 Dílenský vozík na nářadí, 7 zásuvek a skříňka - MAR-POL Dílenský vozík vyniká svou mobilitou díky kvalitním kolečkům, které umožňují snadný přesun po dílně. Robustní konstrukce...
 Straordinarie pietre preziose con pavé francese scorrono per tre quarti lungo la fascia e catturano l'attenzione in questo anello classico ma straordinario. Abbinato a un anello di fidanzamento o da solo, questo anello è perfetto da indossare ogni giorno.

--------------------------------------------------

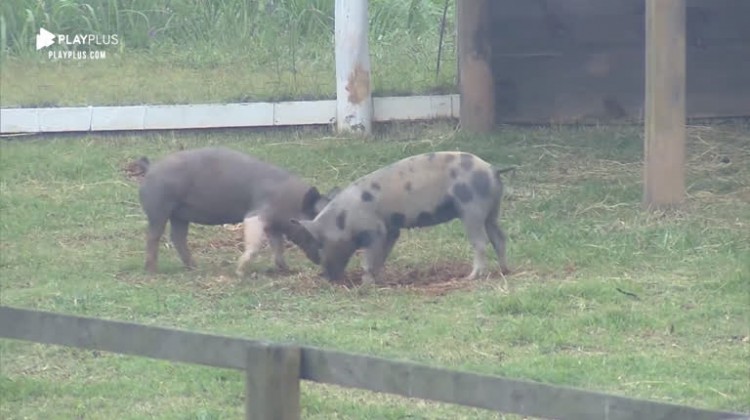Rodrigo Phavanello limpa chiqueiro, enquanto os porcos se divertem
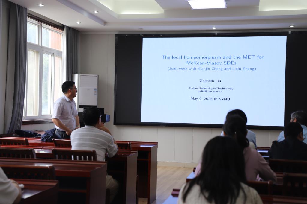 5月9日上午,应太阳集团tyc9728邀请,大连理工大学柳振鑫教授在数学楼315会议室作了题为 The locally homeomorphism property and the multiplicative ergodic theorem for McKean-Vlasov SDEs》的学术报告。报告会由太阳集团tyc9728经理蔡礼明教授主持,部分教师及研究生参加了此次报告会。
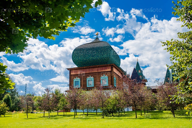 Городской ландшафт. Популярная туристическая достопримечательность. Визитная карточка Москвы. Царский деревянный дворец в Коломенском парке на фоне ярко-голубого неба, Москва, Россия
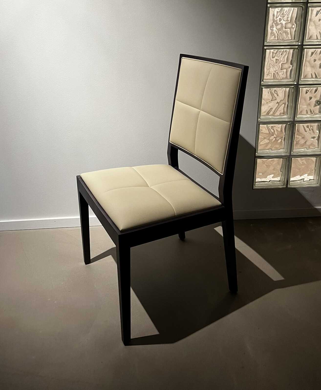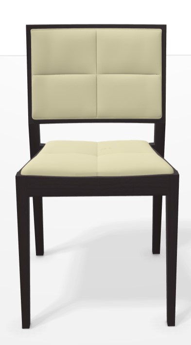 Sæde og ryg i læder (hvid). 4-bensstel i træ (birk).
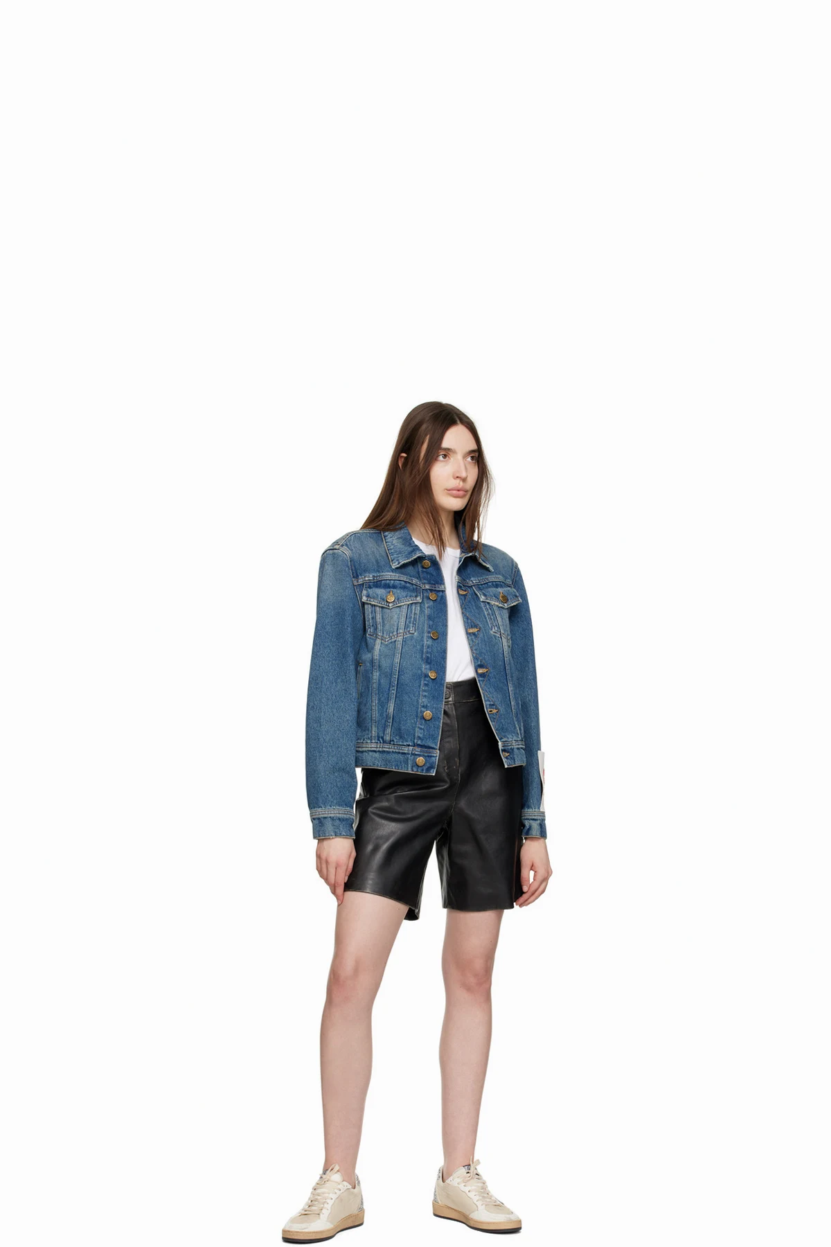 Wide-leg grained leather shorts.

--------------------------------------------------

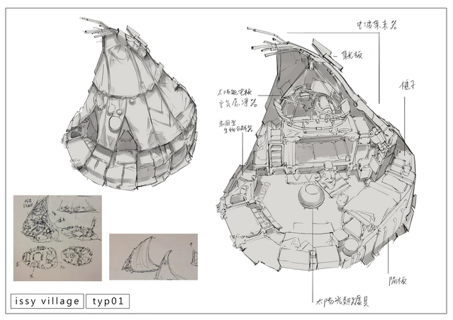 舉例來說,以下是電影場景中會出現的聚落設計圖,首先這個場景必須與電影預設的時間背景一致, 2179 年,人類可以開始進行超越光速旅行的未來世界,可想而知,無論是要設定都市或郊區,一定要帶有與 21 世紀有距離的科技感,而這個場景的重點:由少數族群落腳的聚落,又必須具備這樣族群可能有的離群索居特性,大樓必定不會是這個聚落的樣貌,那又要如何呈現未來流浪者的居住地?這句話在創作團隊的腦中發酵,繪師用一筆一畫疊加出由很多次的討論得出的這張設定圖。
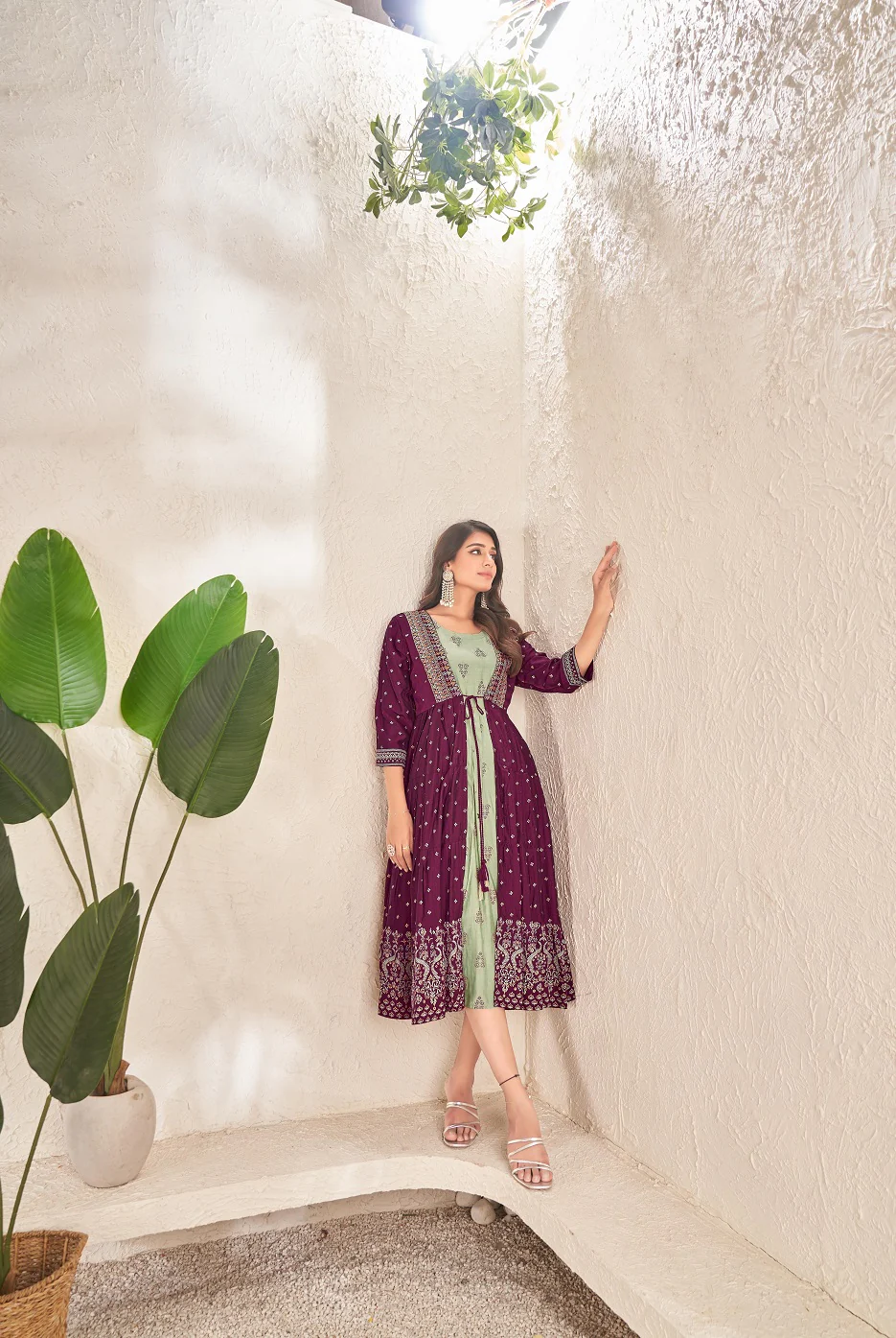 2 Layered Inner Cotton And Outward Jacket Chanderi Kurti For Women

--------------------------------------------------

* _Problem to work on_:
Pictures in the entries do not go into the copy. Print only the lines starting at the one containing "2179 年,人類可以開始進行超越光速旅行的未來世界,可想而知,無論是要設定都市或郊區,一定要帶有與 21" and ending at the one containing "2 Layered Inner", exactly as they appear.

* _Written response_:
 舉例來說,以下是電影場景中會出現的聚落設計圖,首先這個場景必須與電影預設的時間背景一致, 2179 年,人類可以開始進行超越光速旅行的未來世界,可想而知,無論是要設定都市或郊區,一定要帶有與 21 世紀有距離的科技感,而這個場景的重點:由少數族群落腳的聚落,又必須具備這樣族群可能有的離群索居特性,大樓必定不會是這個聚落的樣貌,那又要如何呈現未來流浪者的居住地?這句話在創作團隊的腦中發酵,繪師用一筆一畫疊加出由很多次的討論得出的這張設定圖。
 2 Layered Inner Cotton And Outward Jacket Chanderi Kurti For Women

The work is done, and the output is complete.